◆ Activity: Working from the records below, repeat exactly the lines starting at the line that contains "The Alex Bregman" and ending at the line that contains "Top rojo a cuadros", inclusive.

◆ Input records:
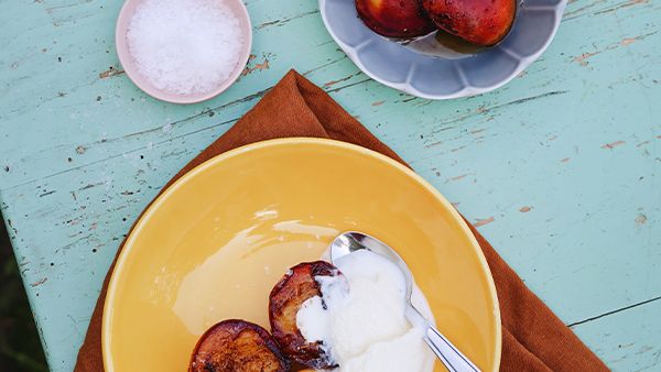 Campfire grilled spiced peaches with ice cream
---
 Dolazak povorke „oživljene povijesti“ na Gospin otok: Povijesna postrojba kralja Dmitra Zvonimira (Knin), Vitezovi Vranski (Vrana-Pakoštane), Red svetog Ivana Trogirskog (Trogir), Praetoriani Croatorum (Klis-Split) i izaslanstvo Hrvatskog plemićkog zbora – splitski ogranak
* * *
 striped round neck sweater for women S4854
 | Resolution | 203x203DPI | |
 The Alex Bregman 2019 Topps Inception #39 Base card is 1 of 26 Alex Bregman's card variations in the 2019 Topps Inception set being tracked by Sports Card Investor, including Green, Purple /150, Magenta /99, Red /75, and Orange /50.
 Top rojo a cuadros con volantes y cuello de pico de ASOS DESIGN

◆ The answer:
 The Alex Bregman 2019 Topps Inception #39 Base card is 1 of 26 Alex Bregman's card variations in the 2019 Topps Inception set being tracked by Sports Card Investor, including Green, Purple /150, Magenta /99, Red /75, and Orange /50.
 Top rojo a cuadros con volantes y cuello de pico de ASOS DESIGN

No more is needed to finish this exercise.